BED started as a drawing. I lay on the floor and my wife drew around me. I made this silhouette into a contour map, making an approximation of the volume of my body divided into two identical halves, mirror images of each other.
The piece is roughly the same size as a king-sized double bed. I began a programme of eating that lasted three-and-a-half months, during which I ate my own volume in bread.
Before I began using my teeth I had been using bread to make marquetry collages within the crust of a slice. BREAD LINE is a loaf of bread laid out one bite at a time, taking a common object which is close to life and presenting it in the way in which we experience it. I used the most commonly bought processed white bread in Britain: 'Mother's Pride'.
Bread and settled human life go together. BREAD LINE is a measuring of life, the distance we go, the distance we travel in a body, a moment at a time.

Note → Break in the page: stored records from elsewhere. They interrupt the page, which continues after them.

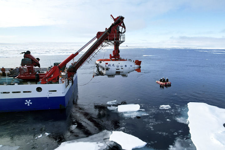 2025年8月11日,“蛟龍”號(hào)在北極冰區(qū)準(zhǔn)備下潛。新華社記者 劉詩平 攝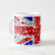 Flyg till den brittiska flagga med den här roligten, Union Jack-designen med stjärnor som är spridda över en stiliserad "sekvin look"-bakgrund i mönster. Mugg med ett rött, vitt, silver grått och blått anpassade som du kan anpassa med din egen text, bilder och dina idéer. Observera att detta är en tryckt digital bild. Produkten skiner inte eller innehåller äkta glitter eller sekviner.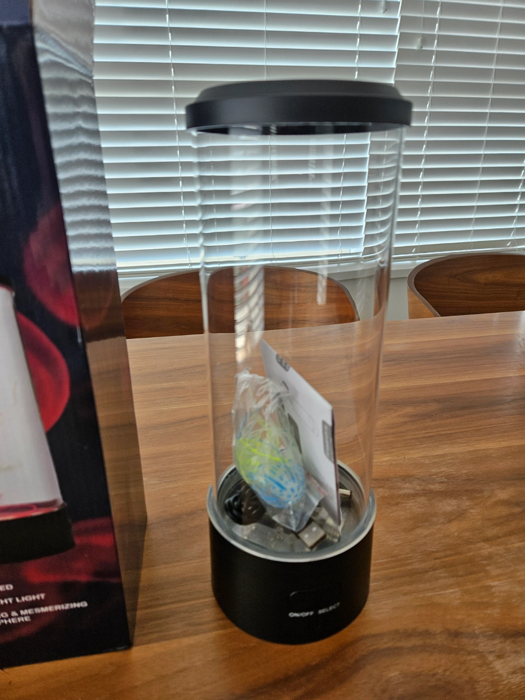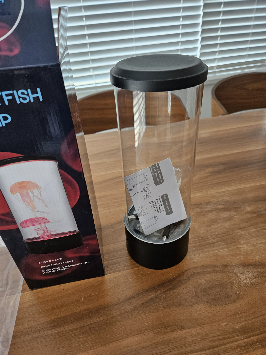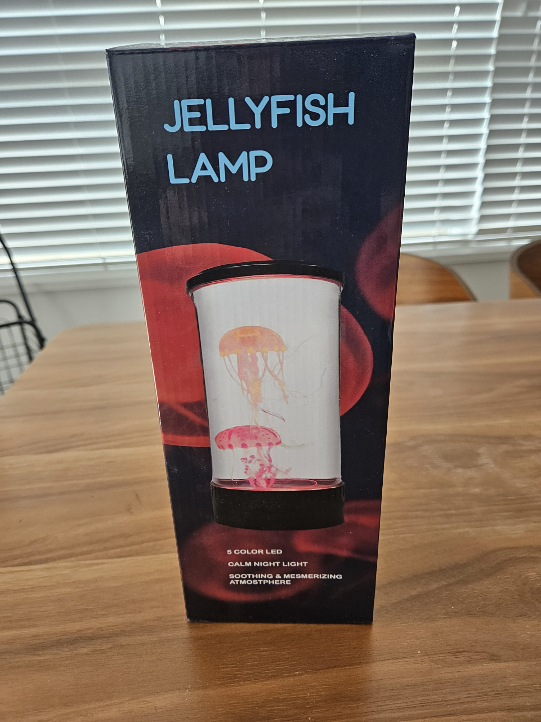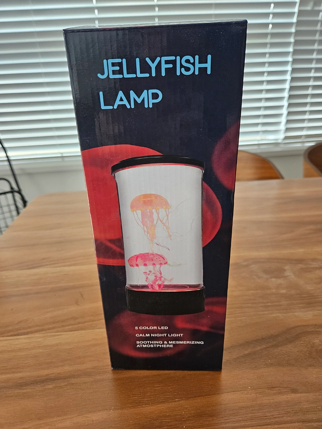 Soothing and mesmerizing atmosphere. Brand new LED jellyfish night light. Clear acrylic cylinder. Black base. USB powered. ideal for kids(8yr +) bedroom or living room decor.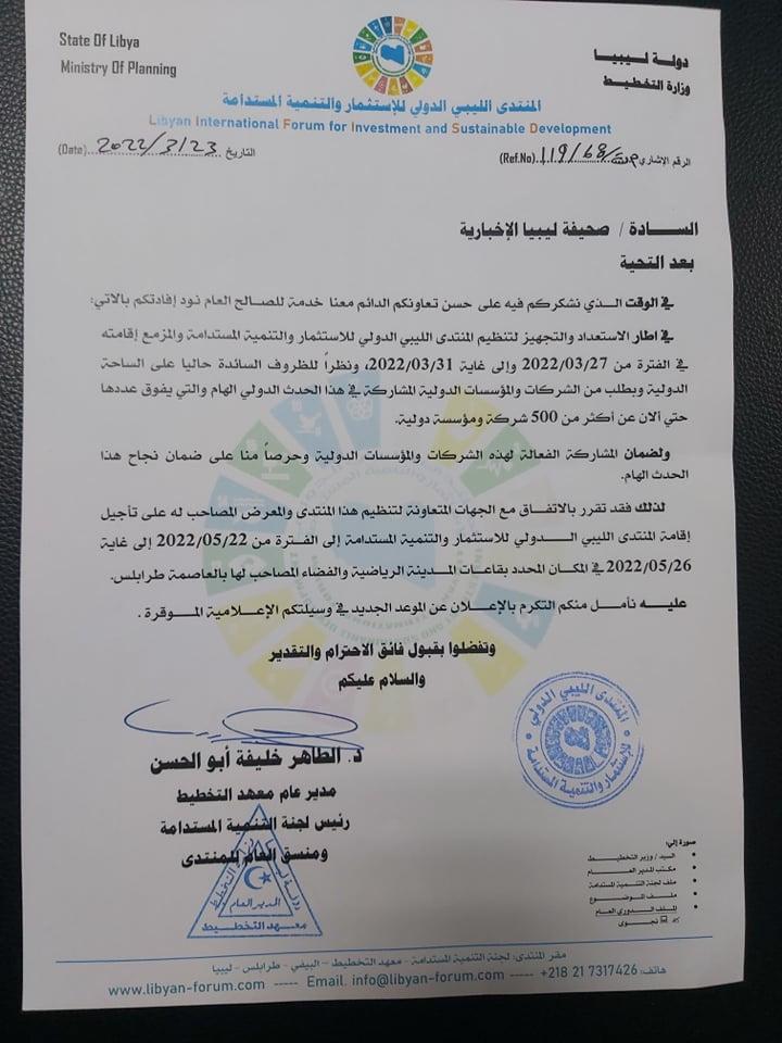في إطار الاستعداد والتجهيز لتنظيم المنتدى الليبي الدولي للاستثمار والتنمية المستدامة والمزمع إقامته في الفترة من 27 إلى31 مارس 2022، ونظراً للظروف السائدة حاليا على الساحة الدولية وبطلب من الشركات والمؤسسات الدولية المشاركة في هذا الحدث الدولي الهام والتي يفوق عددها حتى الآن أكثر من 500 شركة ومؤسسة دولية.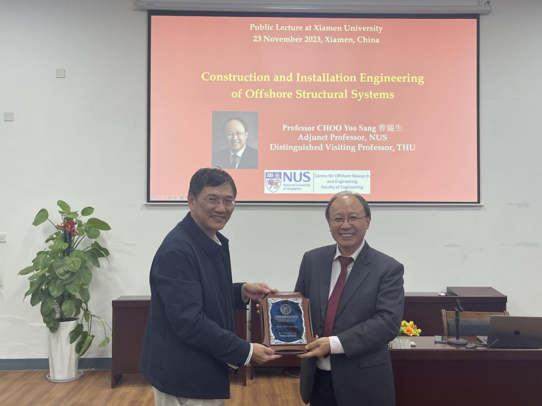 2023年11月23日下午,清华大学杰出访问教授、新加坡国立大学终身教授曹耀生(CHOO Yoo Sang)教授应邀访问萨本栋微米纳米科学技术研究院,并出席厦门大学工程科学前沿论坛(第一期),在翔安校区文宣楼作题为“海洋结构系统安装工程(Construction and Installation Engineering of Offshore Structural Systems)”的专题讲座。讲座由我院院长洪明辉院士主持,80余位师生参加。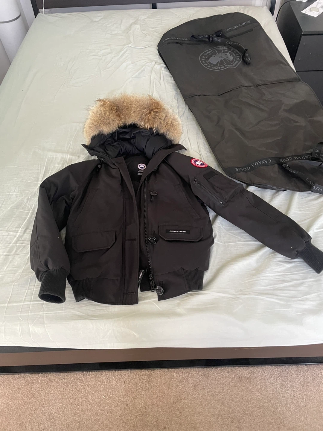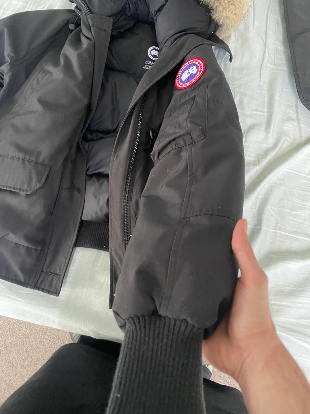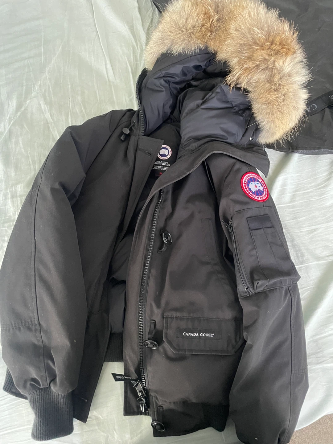 81Selling a Canada Goose bomber jacket in black. It's a size small. In great condition and ready for a new home! Barely worn and comes with the receipt and bag and hanger.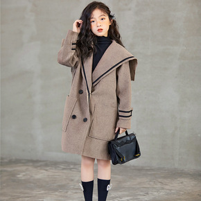 女童春秋2019新款中大童双面呢子大衣韩版洋气儿童...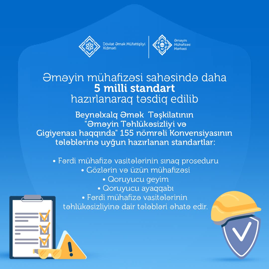 Bildirilib ki, Beynəlxalq Əmək Təşkilatının “Əməyin Təhlükəsizliyi və Gigiyenası haqqında” 155 nömrəli Konvensiyasının tələblərinə uyğun hazırlanan standartlar fərdi mühafizə vasitələrinin sınaq proseduru, gözlərin və üzün mühafizəsi, qoruyucu geyim, qoruyucu ayaqqabı və fərdi mühafizə vasitələrinin təhlükəsizliyinə dair tələbləri əhatə edir.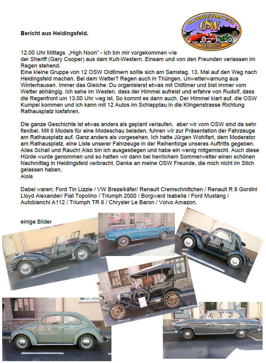 einfach zu dem jeweiligen Oldtimertreffen kommen. Termine in unserer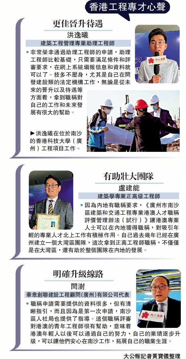 廣州南沙在全國範圍首創《廣州市南沙區建築和交通工程專業港澳人才職稱評價管理辦法(試行)》(下稱《辦法》),16名港澳工程技術人員順利通過評審並於27日獲頒發職稱證書,正式成為內地首批取得建築工程和交通工程專業職稱的港澳工程人才。這是港澳工程師第一次被納入國家人才評價系統,職稱證書全國通用,此後他們將享有與內地工程技術人員相同的晉升機會和待遇,在內地承接和開展建築工程項目,也將享受同等待遇。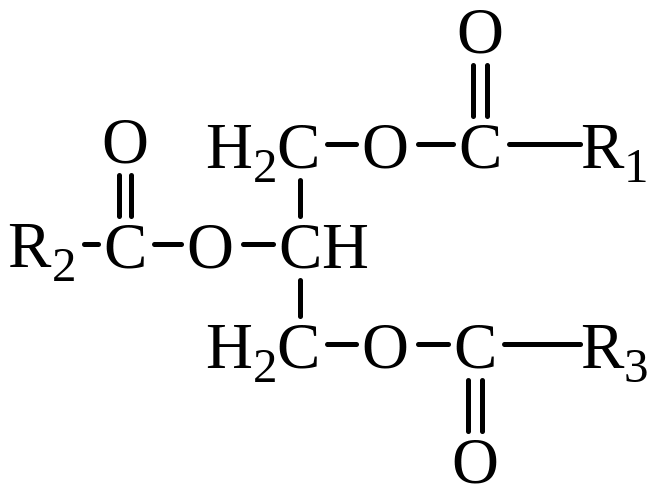 Глицерин как трехатомный спирт может образовывать сложные эфиры с участием всех или 1–2 гидроксильных групп. Жиры являются, как правило, полными эфирами глицерина, включающие остатки одной или нескольких кислот: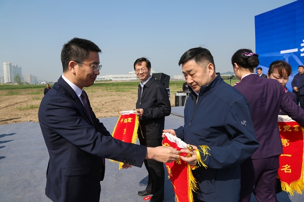 圖為區(qū)領(lǐng)導(dǎo)向東方集團(tuán)董事長(zhǎng)張振國(guó)授予全區(qū)分檔奪旗競(jìng)賽第一名的紅旗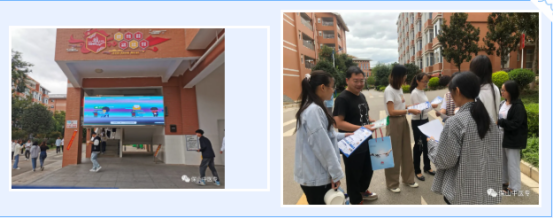 活动形式丰富多样,通过播放电子标语、在食堂前LED显示屏播放宣传视频、在宿舍和食堂周围发放宣传册和口罩等方式营造浓厚的网络安全宣传氛围。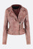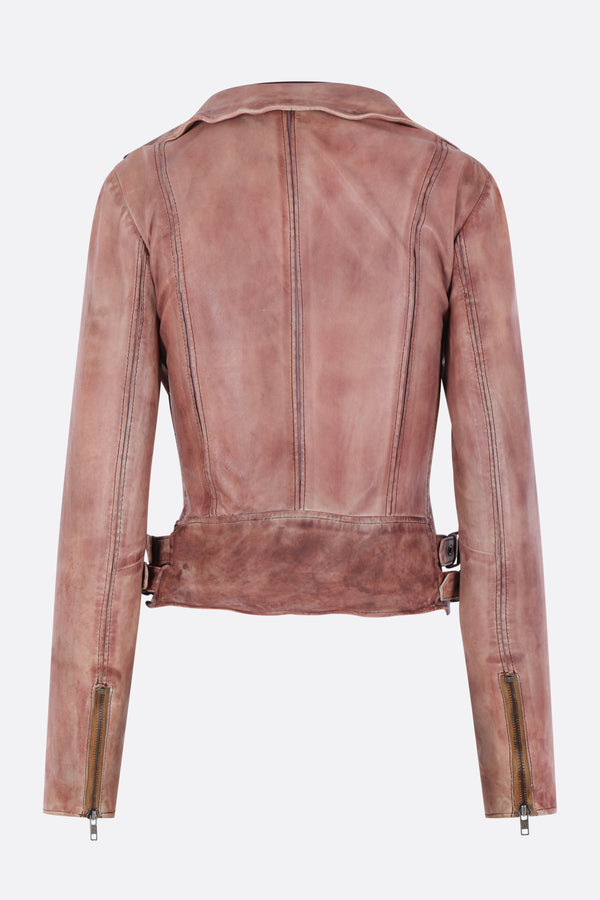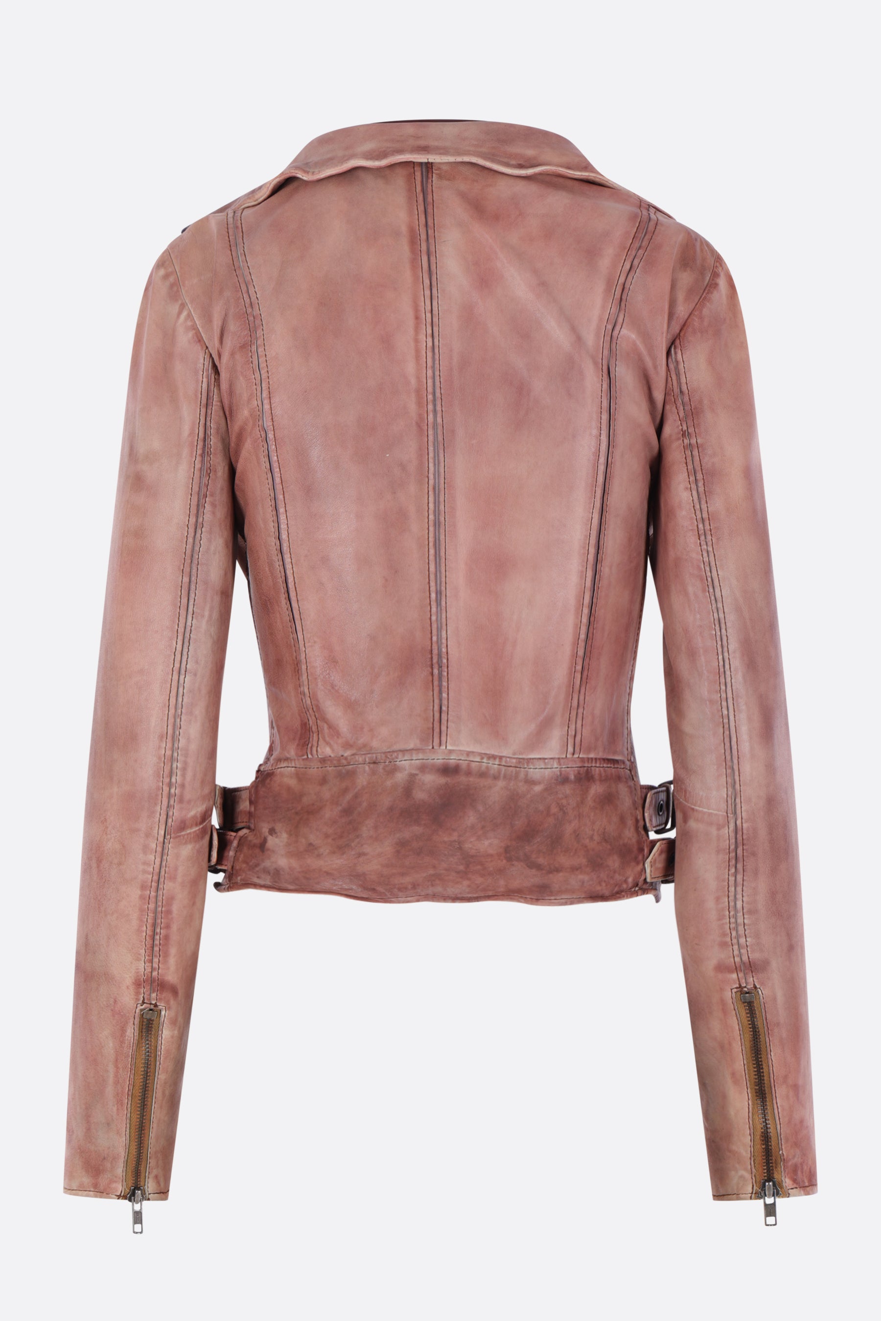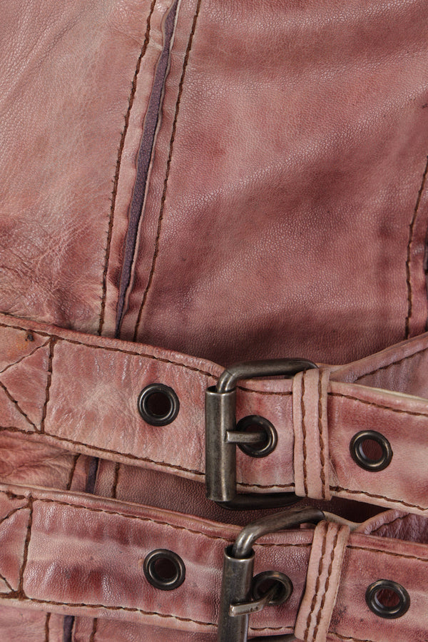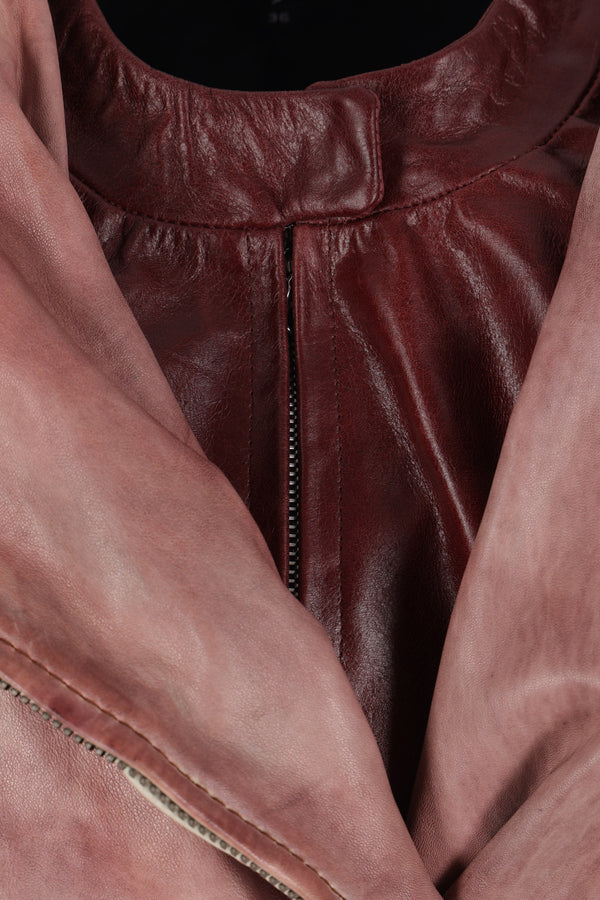 Petra Fagerstrom biker jacket made of vintage pink leather with a burgundy inner panel. Featuring a band collar, biker-style neckline, double zip closure, long sleeves with zip cuffs, zip pockets, adjustable waist straps, and a lined interior.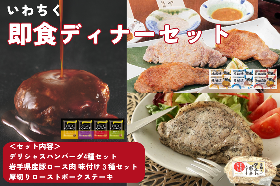 【限定】いわちく即食ディナーセット(ハンバーグ、豚ロース、ローストポーク)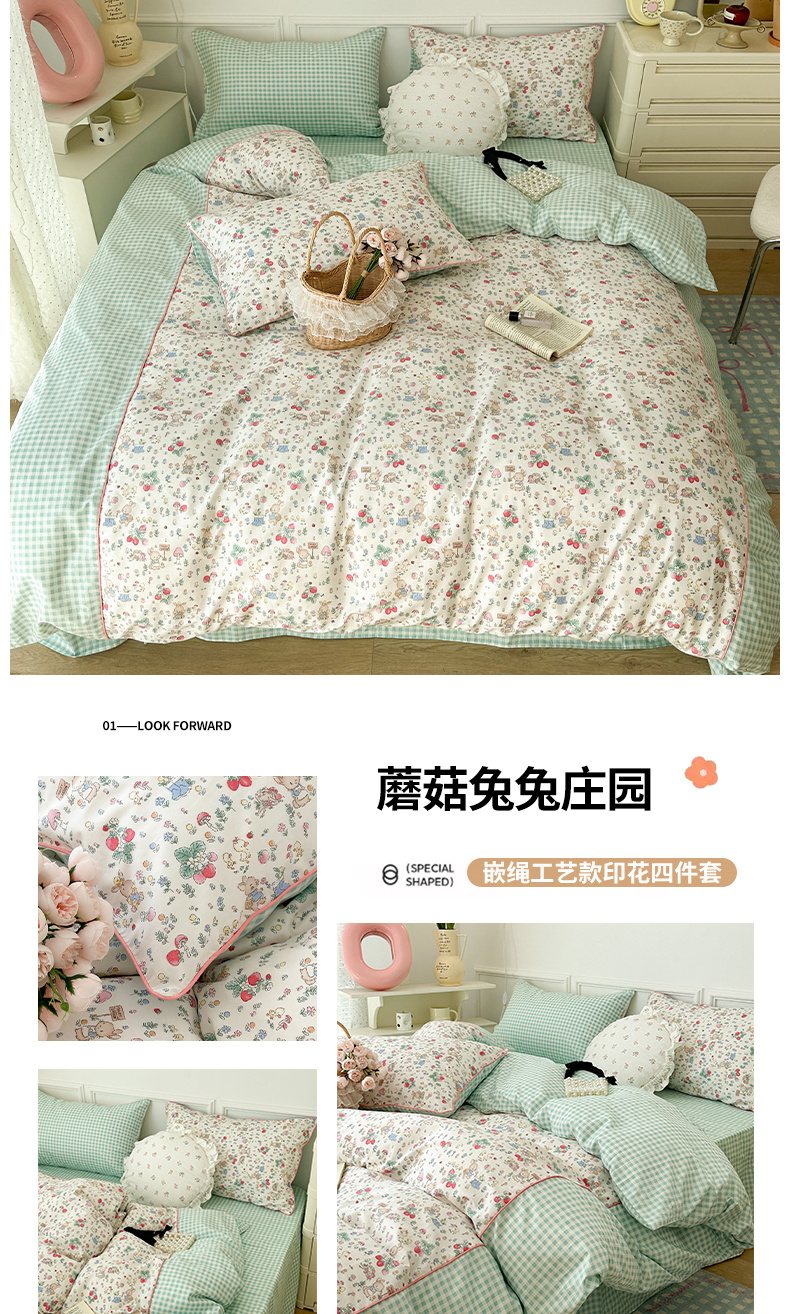 (总)昔可 2023新款全棉四件套-第五批,春日采花小兔,复古波西,落樱紫花,绿野小兔,排排郁金香,芍药女孩,叶子樱桃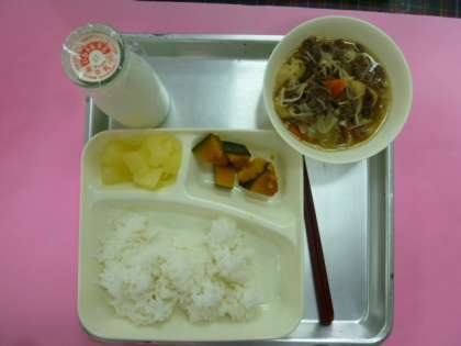 今日の献立は、ご飯、すき焼きに、かぼちゃの醤油焼き、りんご(缶)、牛乳です。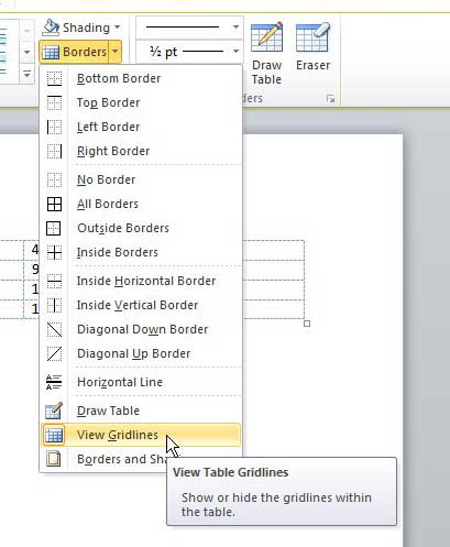 Er is een verschil tussen randen en rasterlijnen als je het over tabellen hebt in Microsoft Word 2010.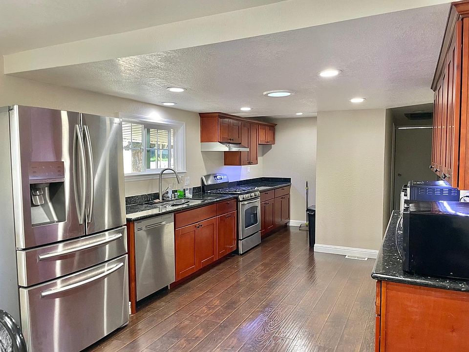 Spacious and remodeled mobile home with 3 bedrooms, 2 bathrooms, and 2 additional rooms (which can be used as extra bedrooms or a home office). Can accommodate a large family in this comfortable 1,440 sq ft of living space. Kitchen features granite countertops, stainless steel appliances including a refrigerator, dishwasher and oven range with gas burners. Dual pane windows and recessed lights throughout. Tile flooring in the bathrooms and laminate flooring throughout the rest of the home. Large, covered side deck for entertaining or just to relax. Carport fits 4 cars. Home is located conveniently across from guest parking. Easy access to HWY 237/880/101. Shopping and plenty of dining nearby.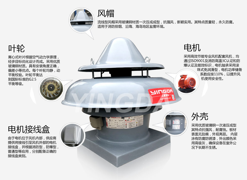 鋼製屋頂風機機殼為鋼板焊接(jiē)成形,玻璃鋼屋頂風機機殼(ké)為玻璃鋼一次(cì)成形,風機風帽為玻(bō)璃鋼一次成形。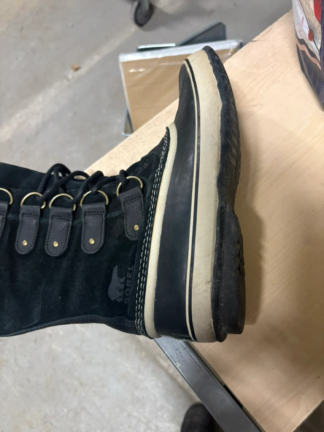 Selling a pair of Sorel winter boots. They are black with fur trim and have a lace-up front. Great for keeping your feet warm and dry during the winter months!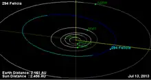 Felicia (minor planet designation: 294 Felicia) is a sizeable Main belt asteroid. It is approximately 35 km in diameter and has an orbital period of 5.5 years.[2] It was discovered by Auguste Charlois on 15 July 1890 in Nice.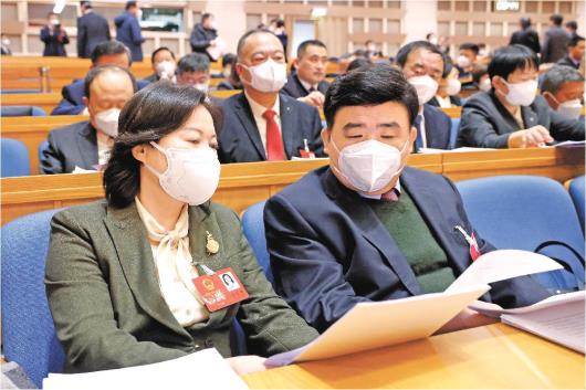 1月15日,出席省十四届人大一次会议的宋爱珍、时伟代表(从左至右),在会议间隙就持续深化农商行改革进行讨论。

Bites of bread laid out on the floor, footprints in the snow, bites in bread, traces in time.
At the same time I was making simple silhouette pieces from a single thickness of bread pieces stuck on the wall. CONSUMPTION was a play on the Assumption, and a materialised reversal of transubstantiation. MOTHER'S PRIDE imposes the memory of the foetal body on a manufactured life-supporting material. MAN MADE is a late-20th-century version of Mantegna's dead Christ.
Sculpture has traditionally been about imposing mind over matter by an act of intelligence and will. I was looking for a more natural process, and eating is the primal process by which matter is transformed into mind.